## PROBLEM TO SOLVE:
Below are records with pictures in them. Output exactly the lines from the one with "50 pegatinas de" through the one with "Виброхвосты съедобные Lucky", both included, and leave every picture out; give only those lines.

Extracted data entries
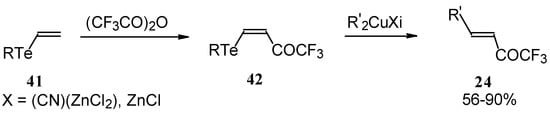 A novel method of the synthesis of trifluromethyl containing unsaturated ketones was described recently [51]. The first step in this approach involves trifluoroacylation of the corresponding vinyltellurides with trifluoroacetic anhydride (Scheme 16) [52]. The reaction proceeds stereospecifically to give only Z isomers of β-trifluoroacetylvinyltellurides in good yields. The subsequent reaction of β-trifluoroacetylvinyltellurides with different zinc cuprates via a conjugate addition-elimination process affords the corresponding α,β-unsaturated trifluoromethyl ketones. In some cases competitive double addition of zinc cuprates takes place [51].
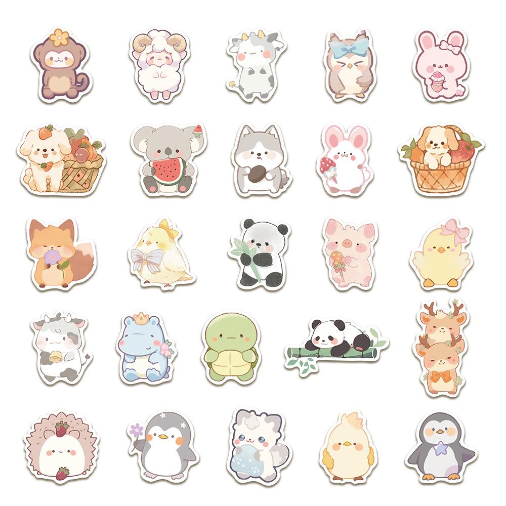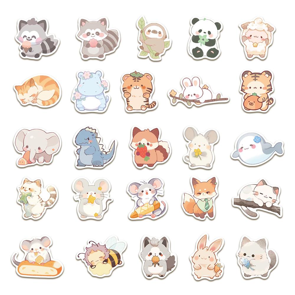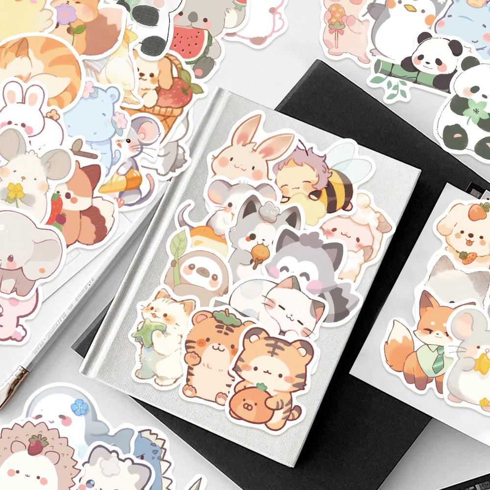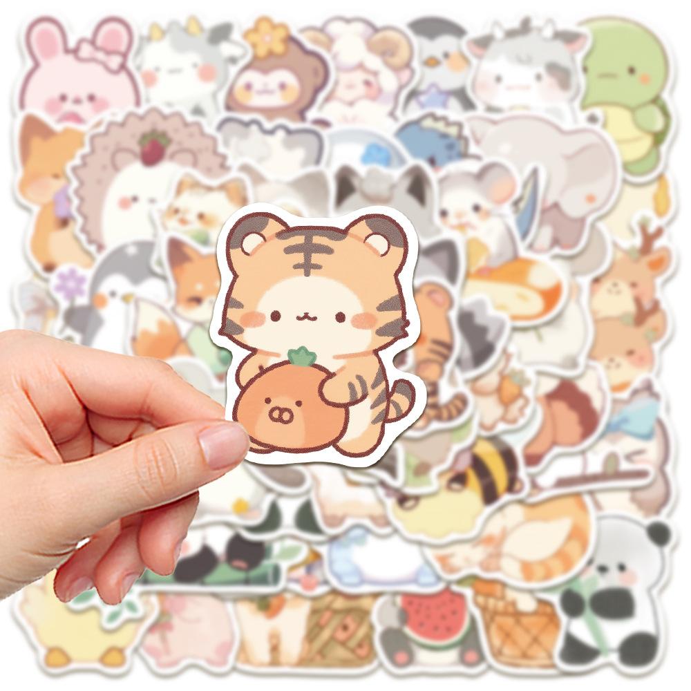 50 pegatinas de animales en versión Q, bonitas pegatinas de dibujos animados para decoración de fundas de teléfono y portátiles, pegatinas transfronterizas
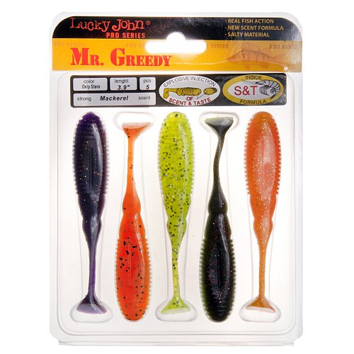 Виброхвосты съедобные Lucky John Pro Series Mister Greedy 3.9" (9.9см) 5 шт mix1
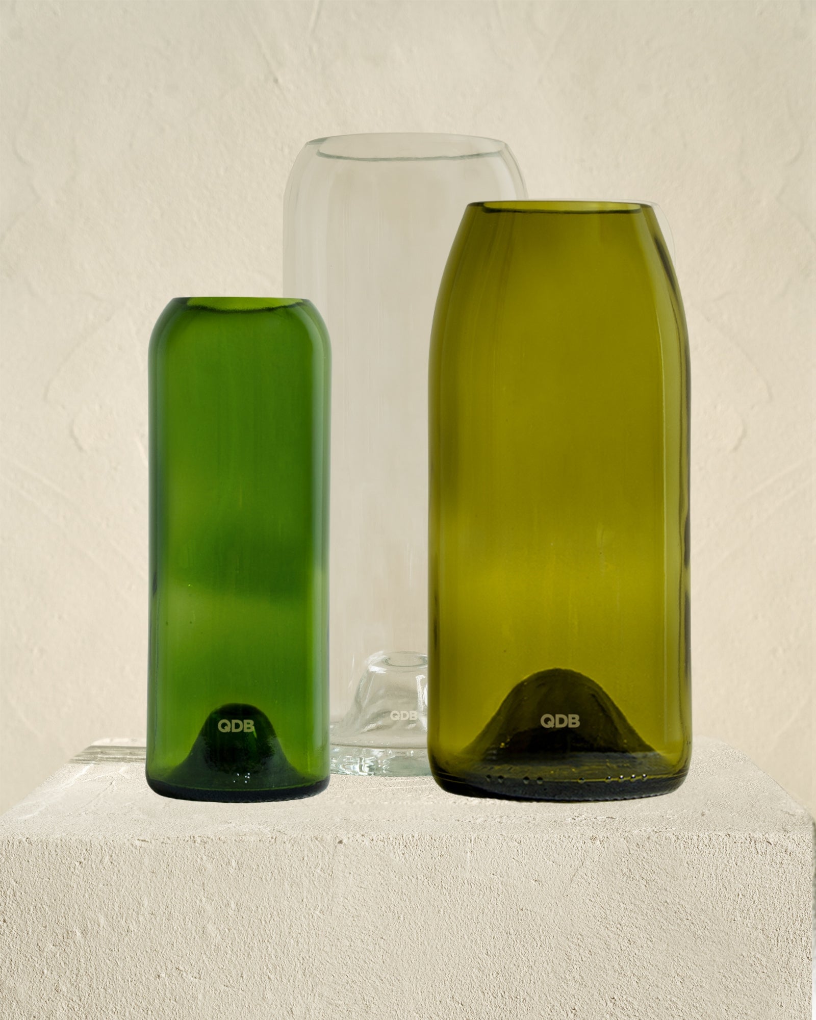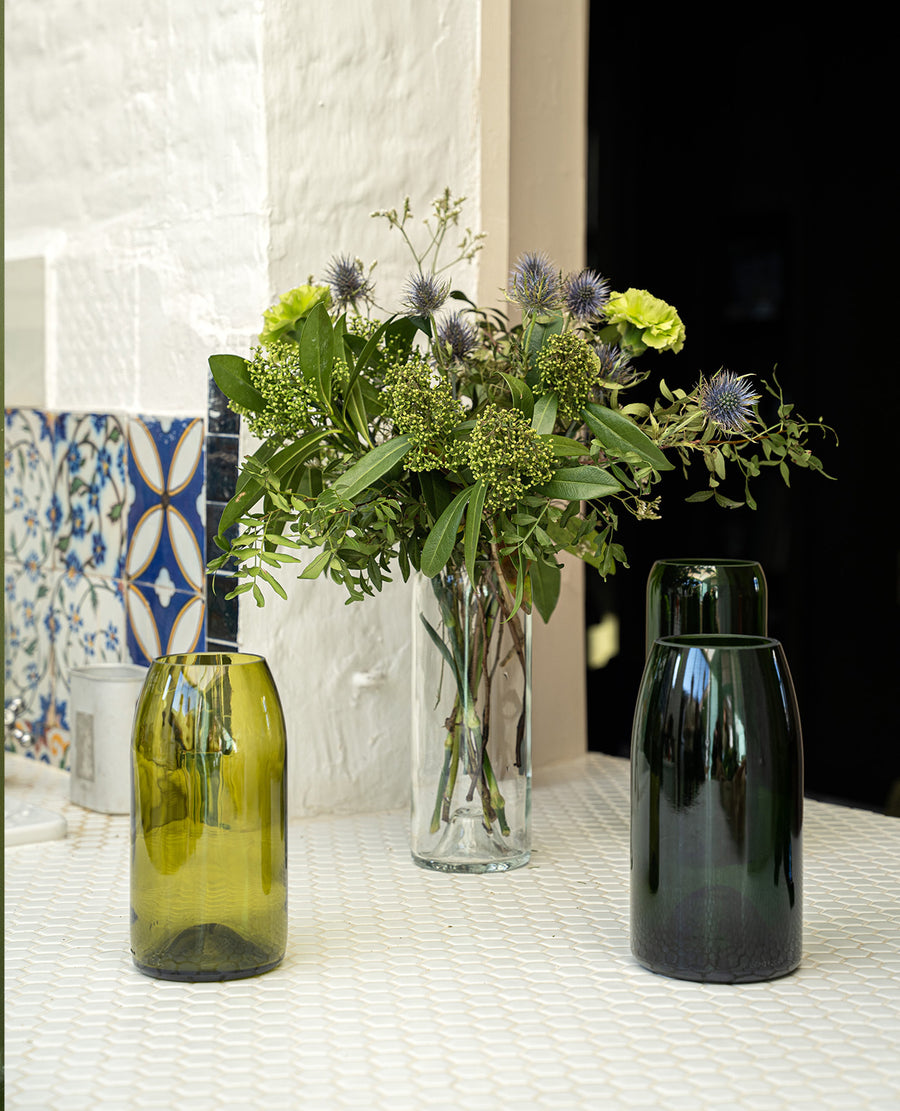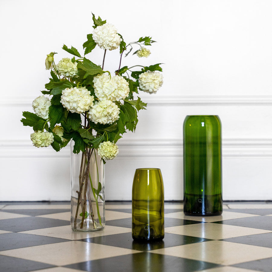 Pour composer ce set, vous devez choisir un vase en taille small (base 37,5cl) + un vase en taille medium (base 75cl) + un vase en taille large (base 150cl). Pour chaque taille, il y a 4 coloris proposés: blanc ou vert à partir de bouteilles bordelaises, feuille morte pour mettre la Bourgogne à l'honneur ou encore vert 02 pour le flacon champenois.
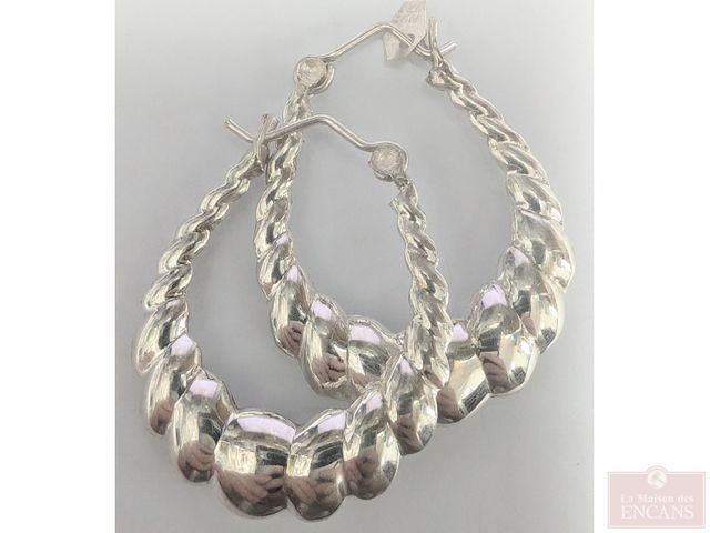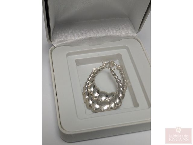 Lot # 61 - Paire de boucles d’oreilles en argent

## RESULT OF THIS TASK:
 50 pegatinas de animales en versión Q, bonitas pegatinas de dibujos animados para decoración de fundas de teléfono y portátiles, pegatinas transfronterizas
 Виброхвосты съедобные Lucky John Pro Series Mister Greedy 3.9" (9.9см) 5 шт mix1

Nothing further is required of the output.